In some ways, I feel more washed-up than any senior could. I was explaining to some of my wilderkids (I was a leader for Tufts Wilderness Orientation) why junior year is so weird; you see, as a freshman, everything is so new and exciting, and there is so much to learn and experience. As a sophomore, you have a better grip on the whole college thing, and you aren’t a freshman anymore, which is cool in and of itself. Seniors are pretty much living the dream as monarchs of the school, finalizing their Tufts bucket lists as they wrap up their college career. But Juniors… we’re smack dab in the middle. 2 years down, 2 to go. Nothing is really new anymore, friend groups have already been established, and at this point everyone has just sort of settled into a routine. Most of us are just starting to delve into the meaty parts of our majors—the requirements, the tough stuff, the classes that aren’t exactly fun. Junior year is weird, to say the least.
Right now in my life, I’ve never felt so in limbo. I feel as though I’m sort of just existing, drifting on autopilot through the same old stuff I’ve always been doing. I remember at the beginning of Sophomore year, I wrote a blog post on here and ended it with the line “here’s to an amazing, over-scheduled, unreasonably exciting sophomore year.” It’s pretty amazing to look back and see how much has changed since then; how much I’ve grown, how much I’ve learned, and what is yet to come.
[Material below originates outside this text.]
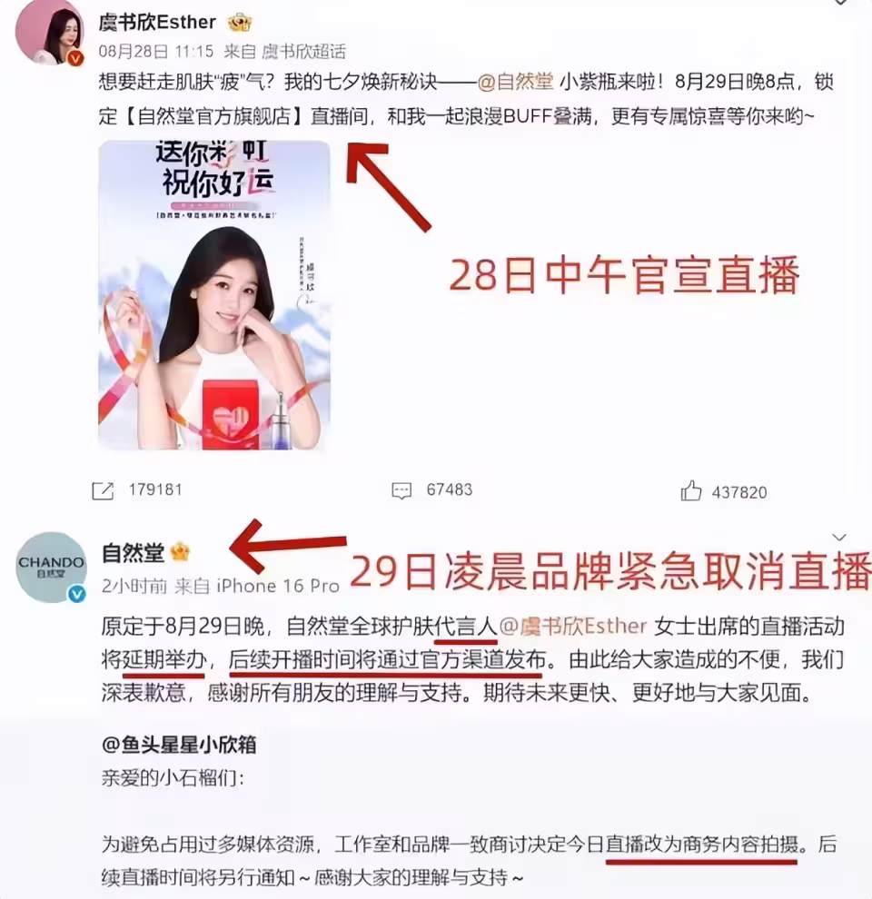 沒說具體原因,但懂的都懂,那時候張昊玥剛爆料霸凌,財經博主的財富爭議也正熱,自然堂是怕直播被網友沖。

Perhaps I sound a bit like a Debby Downer, but I’m honestly just curious to see what this year will be like. My co-leader for T.W.O. told me a few weeks ago that this year will be “the year of Soss [my nickname],” but I can’t help wonder exactly what that means. I think I’ll just take it as the year I really evaluate how my college experience has been thus far, and what I want to work on. The number one priority for me right now is to focus on myself and my existence outside of Tufts—because it’s easy to forget that while I am a Tufts student, I’m also a regular adult, living in a house and shopping for groceries and trying to get a job. It’s a strange balance, but I think I’m ready to take it on.